Gas provides about 65% of Thailand’s power generation.
Policymakers say coal-fired power plant developers and operators will use state-of-the-art technology to deal with greenhouse gas emissions.
At the end of 2036, gas will provide only 35% of power supply, coal 25%, renewable energy 20% and imported power 20%.
Drought threat lingers over agriculture forecast
Drought could continue to negatively affect Thailand’s agriculture this year, trimming the outlook for the farm economy.
Thailand’s agricultural sector contracted by 4.2% in 2015 year-on-year as a result of a drought, mostly in the North and Northeast, said the Office of Agricultural Economics (OAE).
Despite an optimistic outlook from the OAE this year, the agency conceded that a water shortage caused by a delay in rainfall around May is a major risk, possibly altering the growth projection for the sector of 2.5% to 3.5%.

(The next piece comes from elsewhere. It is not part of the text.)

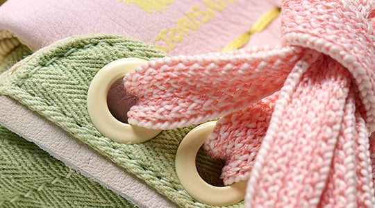Hatko features oversized eyelets threaded with long, colorful laces. Unleash your creativity and tie them with a double knot or a bow!
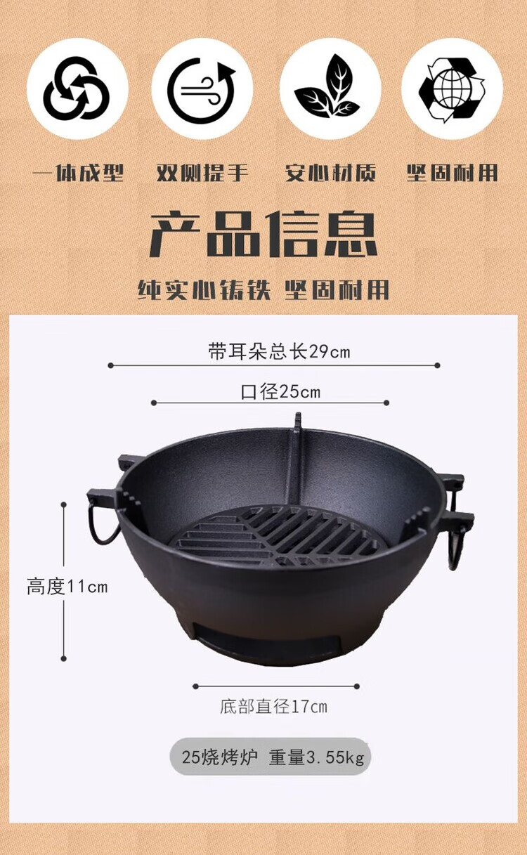 买的时候就想挑个尺寸大点的铸铁炉、盘,质感足足的,没有怪味,一家人围炉烤火、烤肉、煮茶足够了!

The El Nino climate phenomenon was blamed for lowering water levels in reservoirs and causing an insufficient rainy season last year, affecting crops and rice growing. The dry spell prompted the government to encourage farmers to postpone planting rice for two months, especially in rain-fed rice plantations. The postponement is a major reason crops contracted by 5.8% in 2015.

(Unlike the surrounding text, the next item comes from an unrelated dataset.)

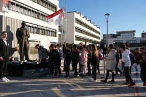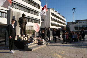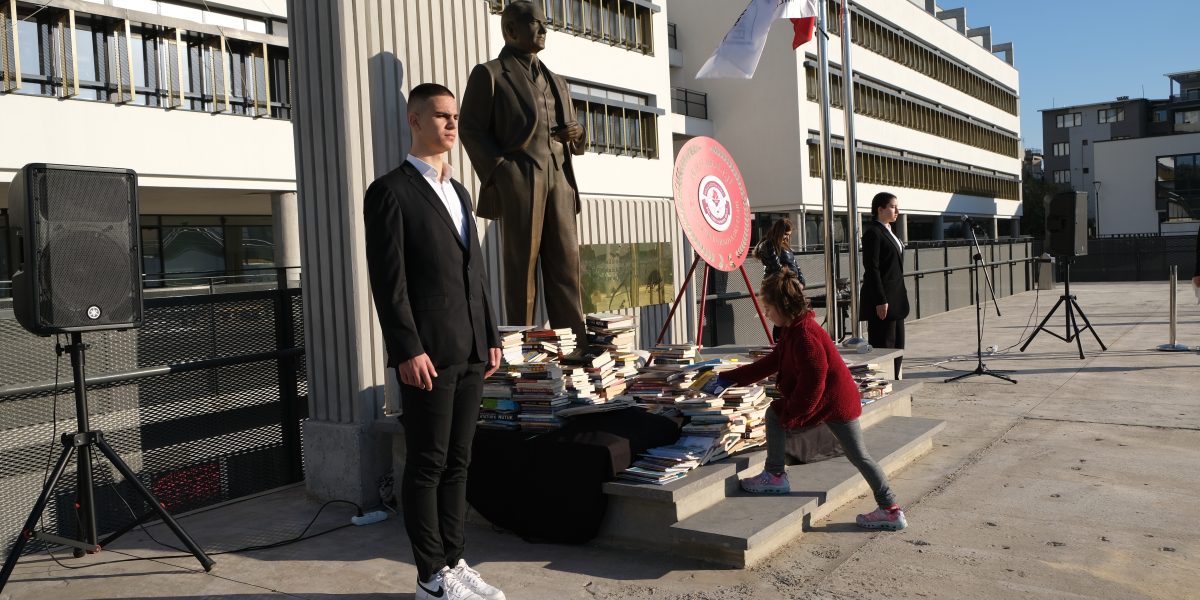 Başöğretmen Mustafa Kemal Atatürk’ün aramızdan ayrılışının 84’üncü yıldönümünde gerçekleştirdiğimiz törende, Atatürk büstümüze tüm öğrencilerimiz, öğretmenlerimiz ve çalışanlarımız birer kitap bıraktı. Toplanan kitaplarımızı, Atamızın eğitime, okumaya verdiği öneme dikkat çekmek, bu yolda yaktığı meşaleyi hep canlı tutmak amacıyla, kardeş okullarımızın kütüphanesine bağışlayacağız.

The OAE believes the climate this year will not be as bad as last year. Other positive factors include the government’s economic stimulus measures, higher investment in the agricultural sector and the government’s agricultural projects.
The Agriculture and Cooperatives Ministry started its farm restructuring projects in late 2015 to improve management efficiency, cut production costs and increase yields for rice and maize. The “motor pool” model was designed to support farm equipment such as harvesters and milling machines for farm cooperatives nationwide.

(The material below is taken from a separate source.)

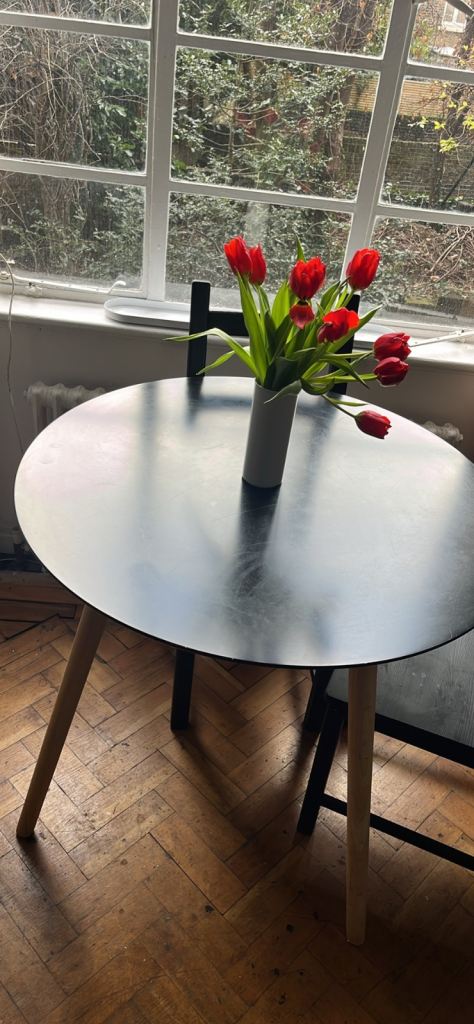 Lovely black wooden round dining table, perfect for 2-4 people.

To deal with another drought, the ministry may ask rice farmers in 22 irrigation-fed provinces to suspend growing second-crop rice again in 2016. It also set aside a budget of 39 billion baht for the Royal Irrigation Department to add 300,000 rai of irrigation area in 2016.
Seree Supharatid, director of Rangsit University’s Center on Climate Change and Disasters, has warned that Thailand may suffer a severe dry season earlier than expected this year. With depleted water starting in the first quarter, the farm sector is likely to be affected if efficient water saving does not take place in advance, he said.
TOT’s labour union called a meeting in October 2015 to oppose plans to auction two licences on the 900MHz spectrum. TOT is among state enterprises in need of reform. PATTARAPONG CHATPATTARASILL
State enterprise reform tops cabinet agenda
A draft bill governing 57 state enterprises is set to go before the cabinet this month. If approved, it will pave the way for the establishment of a national holding company to which 12 corporatised state enterprises will be transferred in the first phase.
The national holding firm will be responsible for appointing executives and directors, serving as a buffer to prevent politicians from exploiting state enterprises for pork-barrel policies as in the past, while raising efficiency to boost revenue and scale down burdensome budgets.
The draft bill is in line with the government’s plan to overhaul state enterprises, most of which have long been influenced by politicians who appoint aides and other proxies to boards or top executive positions in order to fulfil populist campaign pledges.
The State Enterprises Policy Commission (superboard) chaired by Prime Minister Prayut Chan-o-cha found that most state enterprises have low profitability: they have combined assets of 12 trillion baht, but their aggregated annual net profit amounts to 300 billion baht — a return on assets of less than 3%.
Among the 12 corporatised state enterprises to be transferred to the holding company, wholly owned by the Finance Ministry, are PTT, Krungthai Bank, TOT, CAT Telecom, MCOT, Thai Airways International, Airports of Thailand and the State Railway of Thailand.
The remaining 45 state enterprises will be supervised by the State Enterprise Policy Office. Sepo director-general Ekniti Nitithanprapas said the bill would come into force by August.